PORTLAND, Ore. — Sabrina Ionescu has a look in her eye when she’s on the court. You see it when she defends, when she dribbles and when she scrambles for a loose ball and ends up diving into the scorers’ table.
She’s honed in.
“I’ve never met a player like her,” Oregon guard Morgan Yaeger said. “I would compare her to like Kobe Bryant or Michael Jordan when they get in the zone completely, 100 percent locked in. They don’t stop till they win.”
Oregon women’s basketball — maybe all of women’s college basketball — may never see a player like Ionescu again. She grabs national attention and national respect, as well as 18 career triple-doubles, setting herself apart from any player to come before her.
“If she was a baseball player, you’d call her a five-tool player,” Mississippi State head coach Vic Schaefer said. “I figured it out, I think she’s an eight-tool player in women’s basketball. She scores at all three levels. She rebounds. She assists. She’s your hustle player. She’s smart. You can throw classy and elegance in on top of it. I mean, that’s how good that kid is.”

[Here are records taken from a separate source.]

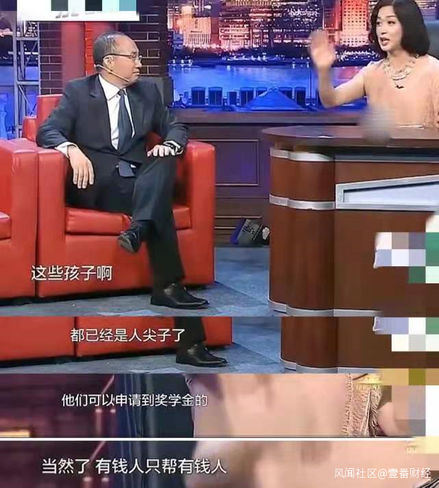 當時主持人金星揶揄道,在哈佛讀書的中國學生是什麼人?他們大都從小就開始找家教學英語,有些從小學唸的就是美國學校,更別説有些是憑藉鋼琴、帆船這些特長進去的,能給孩子從小提供這樣教育的家庭,至少也得年入百萬,用得着別人資助?
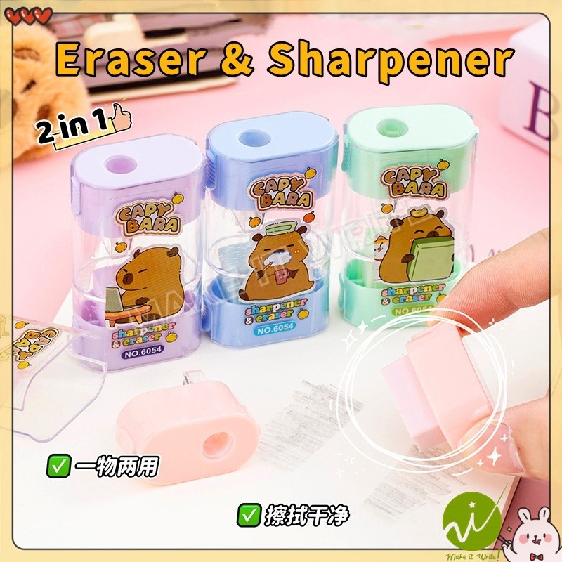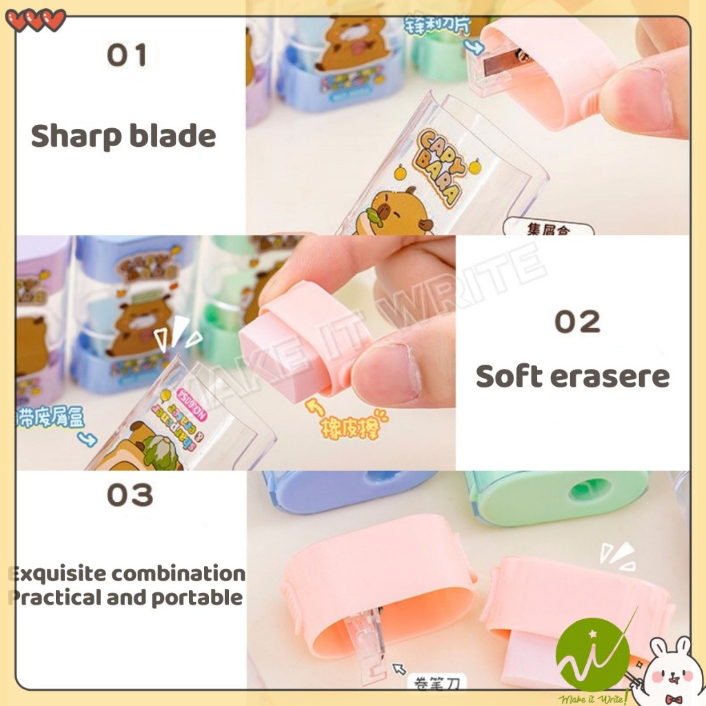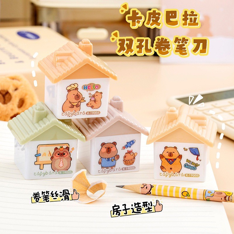 Capybara Pencil Sharpener with Eraser Double hole cute Manual Pencil Cutter student school supplies
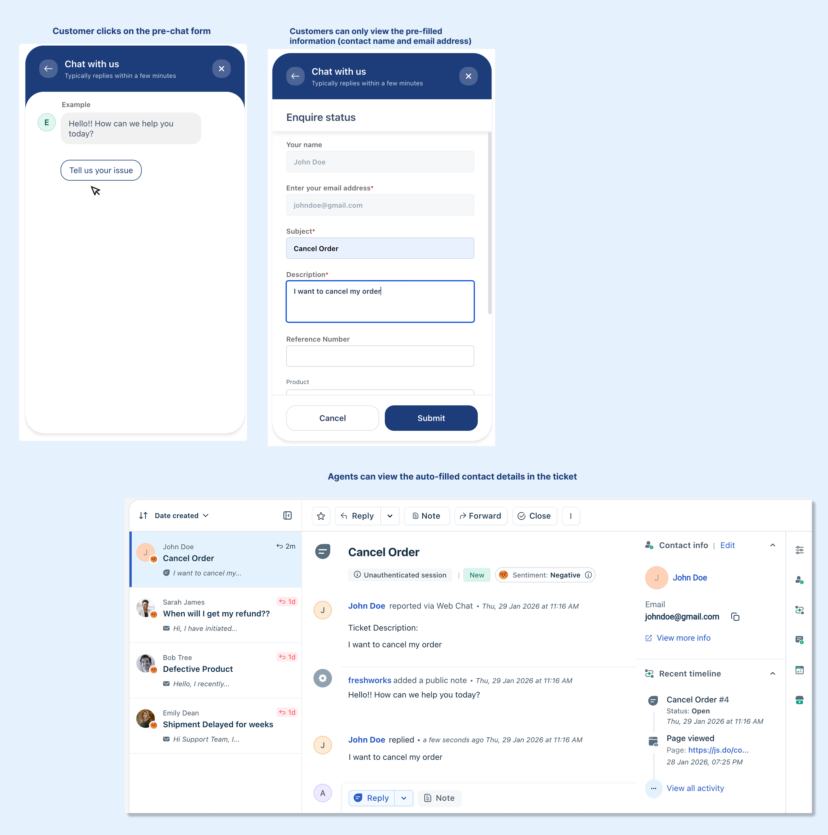 Additionally, with pre-chat forms, you can control the visibility of pre-filled customer details, such as contact name and email address, that are automatically populated for logged-in users through a JWT token or widget deploy code (payload).
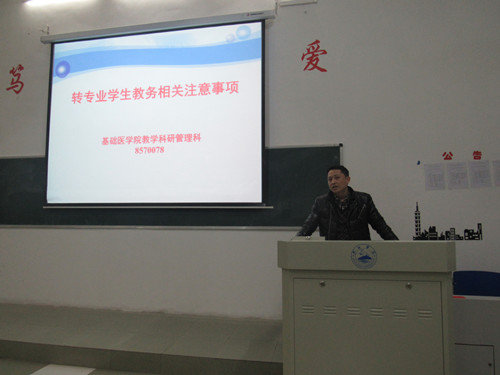 31日晚,yl23455永利集团于华阶二教室召开“转专业学生教育大会”,yl23455永利集团院长车向新、党委书记余朝阳、副院长郑美蓉和汪鑫,学生科、团委、教务科负责人,辅导员以及114名转入yl23455永利集团的学生们共同参加此次大会,会议由余朝阳书记主持。
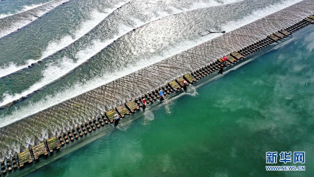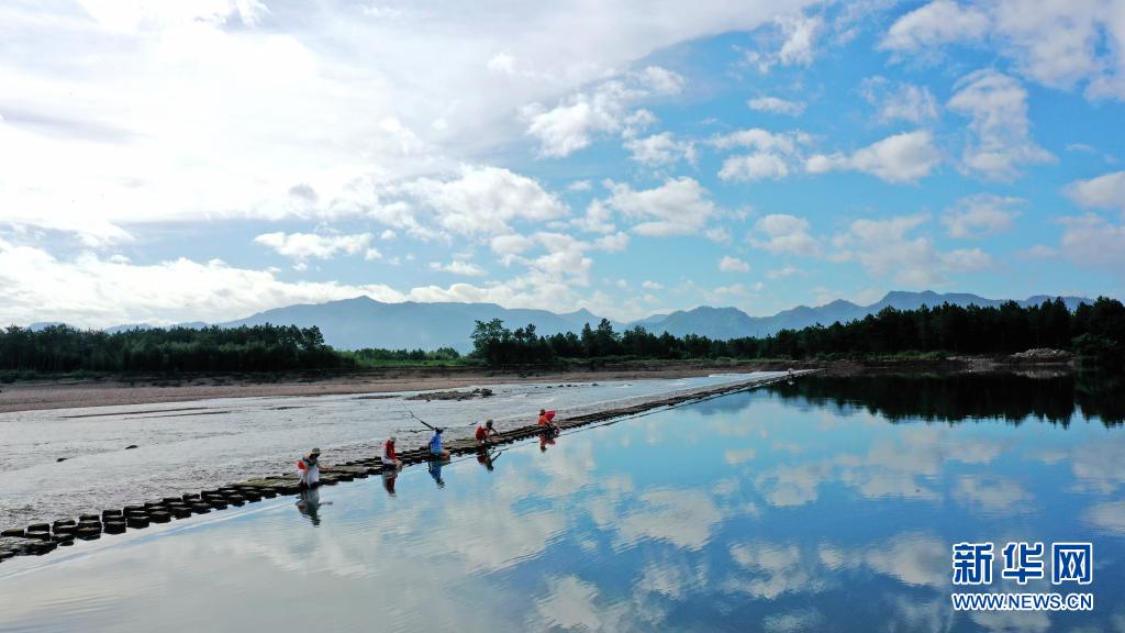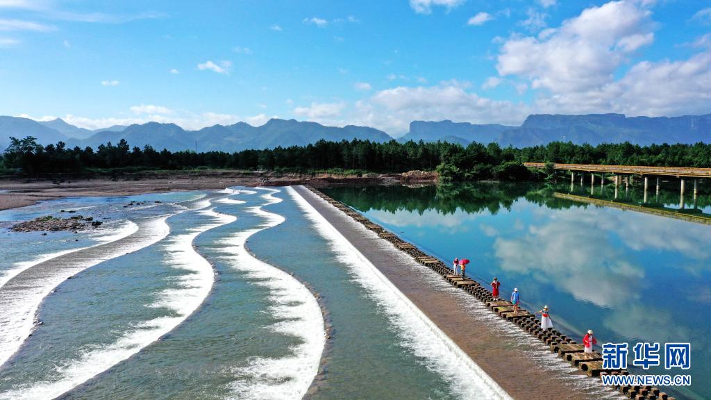 当日,浙江省台州市仙居县永安溪流域水面如镜,蓝天、白云倒影水中,构成一幅美丽的画卷。新华社发(王华斌 摄)
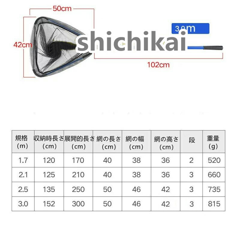 タモ網 ランディングネット 折りたたみ スポーツ アウトドア 新作 1.7m 2.1m 2.5m 3.0m
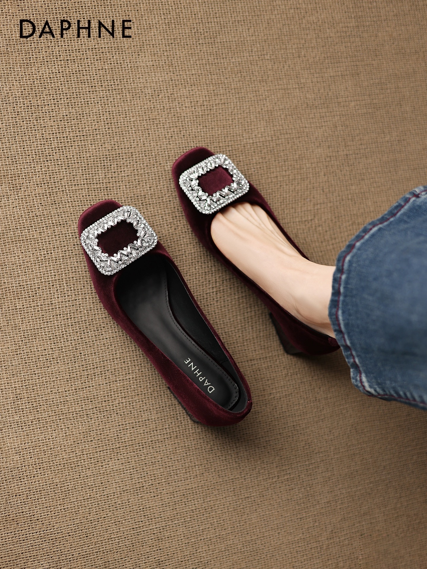达芙妮红色绒面单鞋女2026新款气质配秀禾婚鞋水钻方扣粗跟浅口鞋
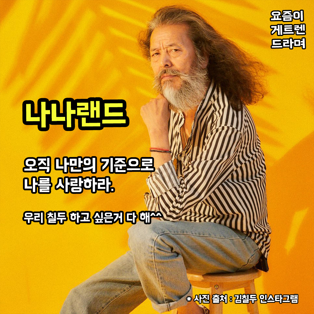 여러분, 요즘 대세 모델, 김칠두 씨를 아시나요? 올해 63세 김칠두 씨는 모델이 되기 전 순댓국 사업에 실패한 가장이었는데요. 젊은 시절 모델의 꿈에 도전하는 그가 꿈꾸는 새로운 목표는 국내 시니어 모델 최초로 세계 4대 패션 위크에 진출하는 것인데요. 역시 나나랜더 시니어 모델답게 더 이상 나이도, 스펙도, 타인의 시선은 중요하지 않은 것 같습니다! 나를 위한 삶을 추구하는 사람들의 땅, 나나랜드 좋은 변화겠죠?
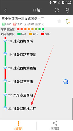2、在公交线路界面中点击你所在的车站,这里以建设路国棉六厂为例。
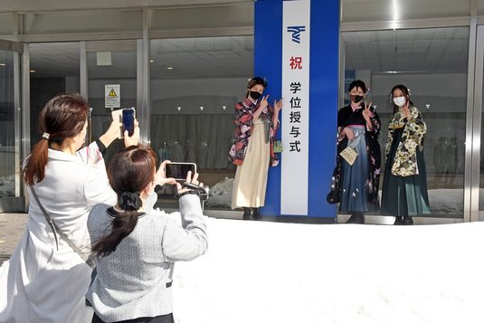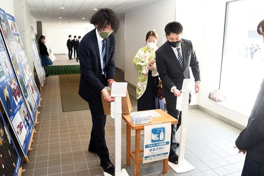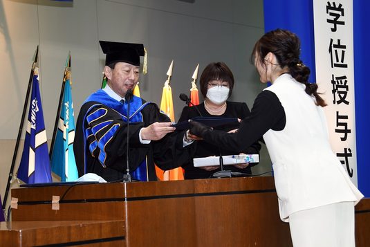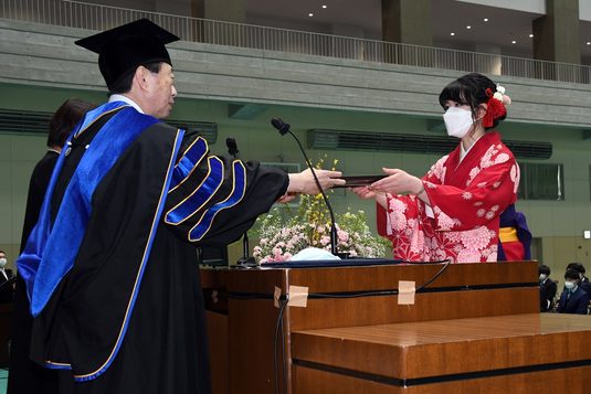 札幌キャンパスでは3月21日に第一体育館で、2021年度秋学期学位授与式を挙行しました。今年度は大学院生物学研究科生物学専攻1名、国際文化学部226名、生物学部119名に学位記を授与。会場では手指の消毒や検温、座席間隔の確保など、新型コロナウイルス感染症対策を講じ、ライブ配信も実施しました。

Schaefer and the Bulldogs will get their fourth look at her, and second of this season, in Sunday’s Elite Eight.
So just how do you stop an “eight-tool” player?
When she drives?
“She’s just such a good passer and such a good ball handler that it’s really hard for me because I’m a little bigger all around,” Oregon teammate Ruthy Hebard said. “It’s really hard if you take something away, she’s going to have a counter.”
When she’s outside?
“She’s running off screens,” said South Dakota State’s Madison Guebert, who guarded Ionescu in the Sweet 16. “She’s coming off handoffs, ball screens, down screens, all kinds of screens. Yeah, it’s tough because she’s always constantly — she moves so well without the ball. They’re always looking for her.
“Yeah, she just is constantly moving so it’s tough to defend her.”
Ionescu is clearly special. Her intensity, her hatred of losing and her confidence separates her from others.
She sets records just for fun. In Oregon’s second-round win against Indiana, Ionescu collected four rebounds in the final eight minutes, and even joked that she purposely missed a shot for the final rebound to complete her latest triple-double.
“We were winning that game, that’s all that really mattered,” she said. “I was just going to end up breaking my own record, so I could do that any time.”
Whether or not Ionescu will leave for the WNBA after this season, whether or not she will finally get to the Final Four, she has left a lasting legacy.
“She’s cut from a different cloth, I’ll tell you that,” Oregon assistant coach Jodie Berry said. “She competes, that’s the thing that separates her from other competitors is her drive. Her competitiveness and her focus, there’s no kind of getting her off her game in that way.
“She’s really focused and driven and she’s in a league of her own.”